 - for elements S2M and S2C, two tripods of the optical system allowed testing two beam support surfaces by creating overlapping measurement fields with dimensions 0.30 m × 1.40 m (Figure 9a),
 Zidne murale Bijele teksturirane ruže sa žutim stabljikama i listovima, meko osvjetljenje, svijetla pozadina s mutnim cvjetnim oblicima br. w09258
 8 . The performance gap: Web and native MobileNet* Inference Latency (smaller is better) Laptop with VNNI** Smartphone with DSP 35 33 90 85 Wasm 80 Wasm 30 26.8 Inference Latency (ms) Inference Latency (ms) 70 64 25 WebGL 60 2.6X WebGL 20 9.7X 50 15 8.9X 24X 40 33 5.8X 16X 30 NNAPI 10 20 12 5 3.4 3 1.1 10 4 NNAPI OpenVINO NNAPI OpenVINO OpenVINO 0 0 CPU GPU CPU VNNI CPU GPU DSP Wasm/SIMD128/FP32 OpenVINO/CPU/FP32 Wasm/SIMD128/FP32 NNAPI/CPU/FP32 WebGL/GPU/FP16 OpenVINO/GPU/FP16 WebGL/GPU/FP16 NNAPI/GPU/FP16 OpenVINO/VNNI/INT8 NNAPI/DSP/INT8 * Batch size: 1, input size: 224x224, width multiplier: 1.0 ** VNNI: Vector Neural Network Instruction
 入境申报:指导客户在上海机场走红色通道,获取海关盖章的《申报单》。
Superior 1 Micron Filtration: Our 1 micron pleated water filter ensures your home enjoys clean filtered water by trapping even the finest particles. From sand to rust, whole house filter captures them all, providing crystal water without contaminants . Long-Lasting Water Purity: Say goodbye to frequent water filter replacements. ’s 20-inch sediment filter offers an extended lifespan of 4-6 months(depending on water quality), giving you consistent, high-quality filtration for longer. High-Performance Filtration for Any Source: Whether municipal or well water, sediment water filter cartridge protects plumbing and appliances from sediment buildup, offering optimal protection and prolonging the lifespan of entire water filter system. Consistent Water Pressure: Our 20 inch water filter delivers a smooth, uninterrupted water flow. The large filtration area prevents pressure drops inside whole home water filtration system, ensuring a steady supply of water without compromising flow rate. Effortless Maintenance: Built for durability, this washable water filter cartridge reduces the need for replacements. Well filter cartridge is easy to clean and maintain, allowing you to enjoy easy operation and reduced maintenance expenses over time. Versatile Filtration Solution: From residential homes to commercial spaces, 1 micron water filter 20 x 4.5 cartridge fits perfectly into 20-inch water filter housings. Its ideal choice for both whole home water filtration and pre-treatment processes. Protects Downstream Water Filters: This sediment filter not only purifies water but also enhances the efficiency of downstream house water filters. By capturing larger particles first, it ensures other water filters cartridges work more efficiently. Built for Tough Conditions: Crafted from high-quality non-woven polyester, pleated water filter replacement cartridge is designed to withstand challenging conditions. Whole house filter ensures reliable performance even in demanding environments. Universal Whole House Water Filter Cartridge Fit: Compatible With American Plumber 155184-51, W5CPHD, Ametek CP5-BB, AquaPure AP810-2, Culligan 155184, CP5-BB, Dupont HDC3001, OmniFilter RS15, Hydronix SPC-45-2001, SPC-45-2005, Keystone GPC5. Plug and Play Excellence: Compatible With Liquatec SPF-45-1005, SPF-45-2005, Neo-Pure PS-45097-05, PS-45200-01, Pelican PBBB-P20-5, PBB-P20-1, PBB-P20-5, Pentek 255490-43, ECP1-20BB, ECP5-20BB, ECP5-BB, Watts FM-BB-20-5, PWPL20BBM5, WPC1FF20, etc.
---
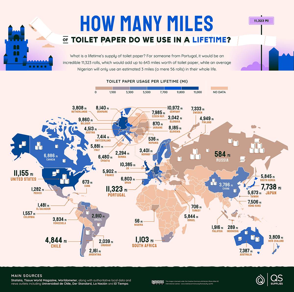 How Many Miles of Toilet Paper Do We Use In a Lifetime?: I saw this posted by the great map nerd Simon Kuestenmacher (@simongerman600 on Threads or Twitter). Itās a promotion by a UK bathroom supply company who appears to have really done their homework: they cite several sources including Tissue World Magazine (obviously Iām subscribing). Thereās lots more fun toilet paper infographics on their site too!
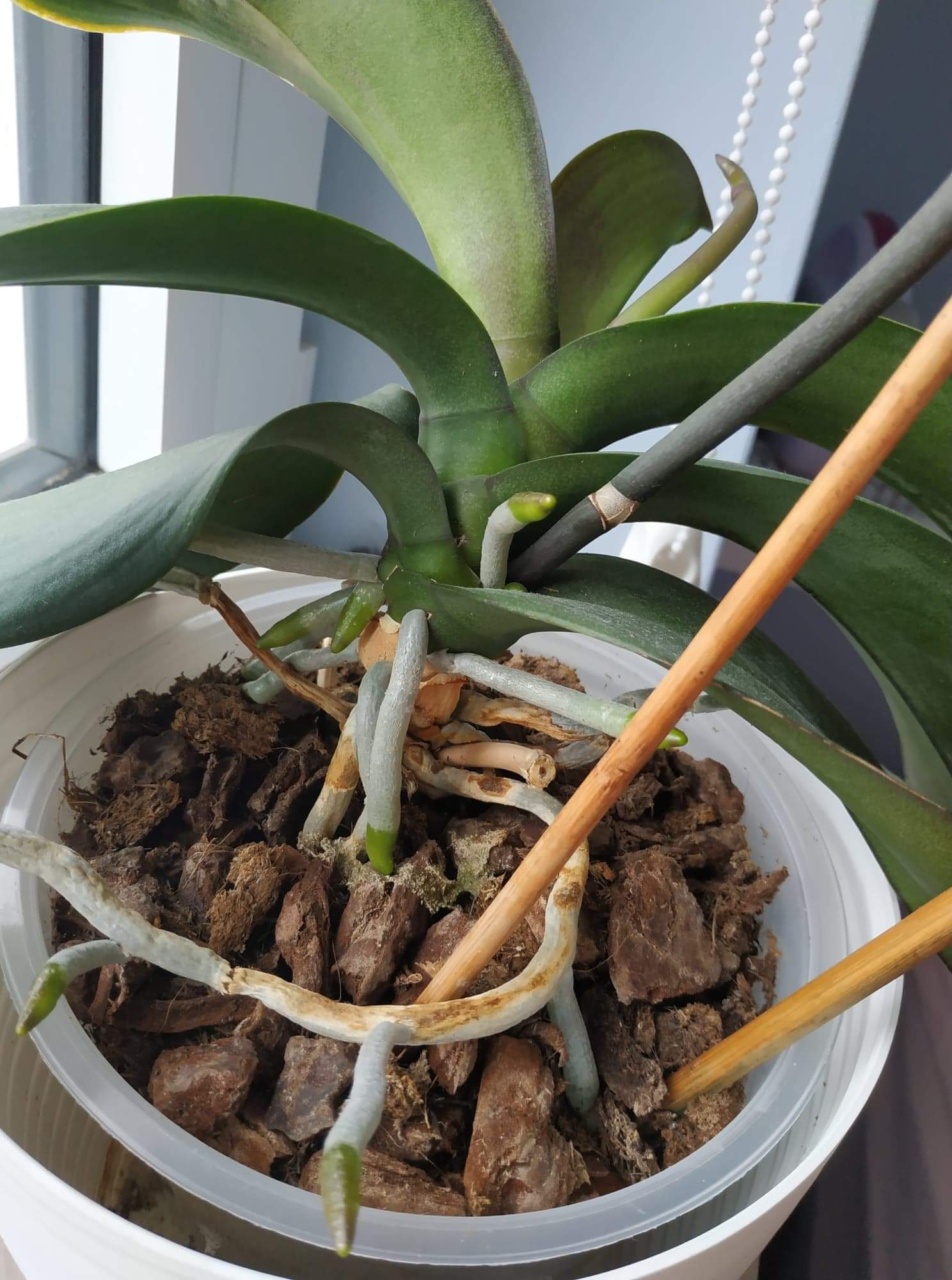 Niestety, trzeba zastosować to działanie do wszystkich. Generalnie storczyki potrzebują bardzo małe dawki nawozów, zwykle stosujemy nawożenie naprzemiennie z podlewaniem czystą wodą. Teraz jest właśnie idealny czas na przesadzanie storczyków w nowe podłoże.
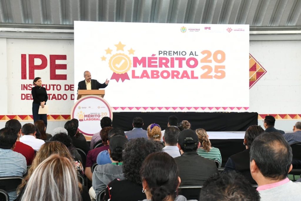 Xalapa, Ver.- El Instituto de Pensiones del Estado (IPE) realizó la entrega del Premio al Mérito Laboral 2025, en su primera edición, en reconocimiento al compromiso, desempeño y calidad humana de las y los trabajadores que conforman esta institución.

» **WHAT YOU SHOULD DO**:
In the listing above, locate the line containing "- for elements" and the line containing "Zidne murale Bijele". Transcribe those two lines and everything between them, exactly as written.

» **RESULT**:
 - for elements S2M and S2C, two tripods of the optical system allowed testing two beam support surfaces by creating overlapping measurement fields with dimensions 0.30 m × 1.40 m (Figure 9a),
 Zidne murale Bijele teksturirane ruže sa žutim stabljikama i listovima, meko osvjetljenje, svijetla pozadina s mutnim cvjetnim oblicima br. w09258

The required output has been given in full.